━━━━━ SOURCE DATA
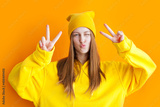 Young teen girl wearing yellow hoodie and hat, Hipster
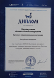 Дипломом участника XXXVIII Выставке-ярмарке народных художественных промыслов России «Ладья. Зимняя сказка – 2025» награждена Калякулина А.А.
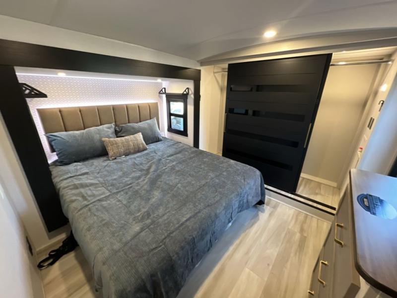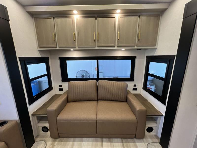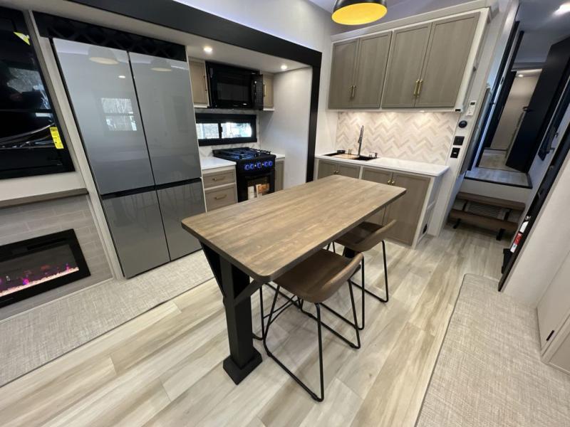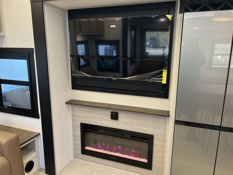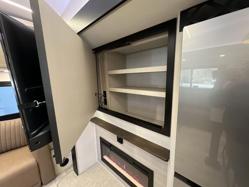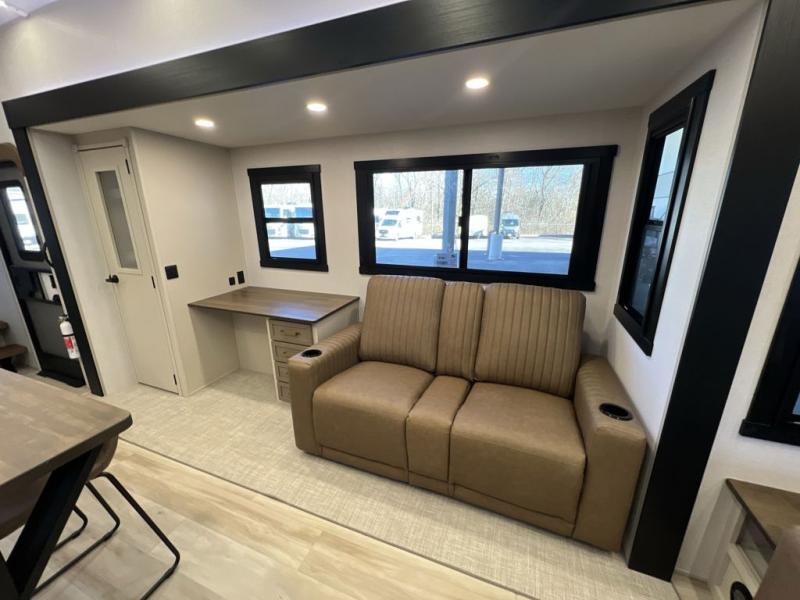 It won't be hard to find comfort in this spacious fifth wheel for four! Once you've unloaded the pass-thru storage, you can head inside to make lunch in the full kitchen. There is a 16-cu. ft. 12V refrigerator here to keep food fresh, and everyone can dine at the kitchen island with four chairs. The theater seating is directly across from the 50" TV and fireplace, and you'll appreciate the hidden storage behind the TV for movies, games, and books! A desk with a chair is also found in the combined kitchen and living area if you need to get some work done, and a rear tri-fold sofa provides sleeping space for guests. Don't overlook the spacious full bath with dual sinks and the front private bedroom with a custom king bed slide. A front wardrobe plus a dresser will let you keep your space tidy, and there is washer/dryer prep if you plan to add those appliances!
━━━━━━━━━━
## [PROBLEM]
Exact reproduction is required for the lines from the one containing "Дипломом участника XXXVIII" through the end of the material, and for those lines only, without pictures.

## [RESPONSE TO THIS EXERCISE]
 Дипломом участника XXXVIII Выставке-ярмарке народных художественных промыслов России «Ладья. Зимняя сказка – 2025» награждена Калякулина А.А.
 It won't be hard to find comfort in this spacious fifth wheel for four! Once you've unloaded the pass-thru storage, you can head inside to make lunch in the full kitchen. There is a 16-cu. ft. 12V refrigerator here to keep food fresh, and everyone can dine at the kitchen island with four chairs. The theater seating is directly across from the 50" TV and fireplace, and you'll appreciate the hidden storage behind the TV for movies, games, and books! A desk with a chair is also found in the combined kitchen and living area if you need to get some work done, and a rear tri-fold sofa provides sleeping space for guests. Don't overlook the spacious full bath with dual sinks and the front private bedroom with a custom king bed slide. A front wardrobe plus a dresser will let you keep your space tidy, and there is washer/dryer prep if you plan to add those appliances!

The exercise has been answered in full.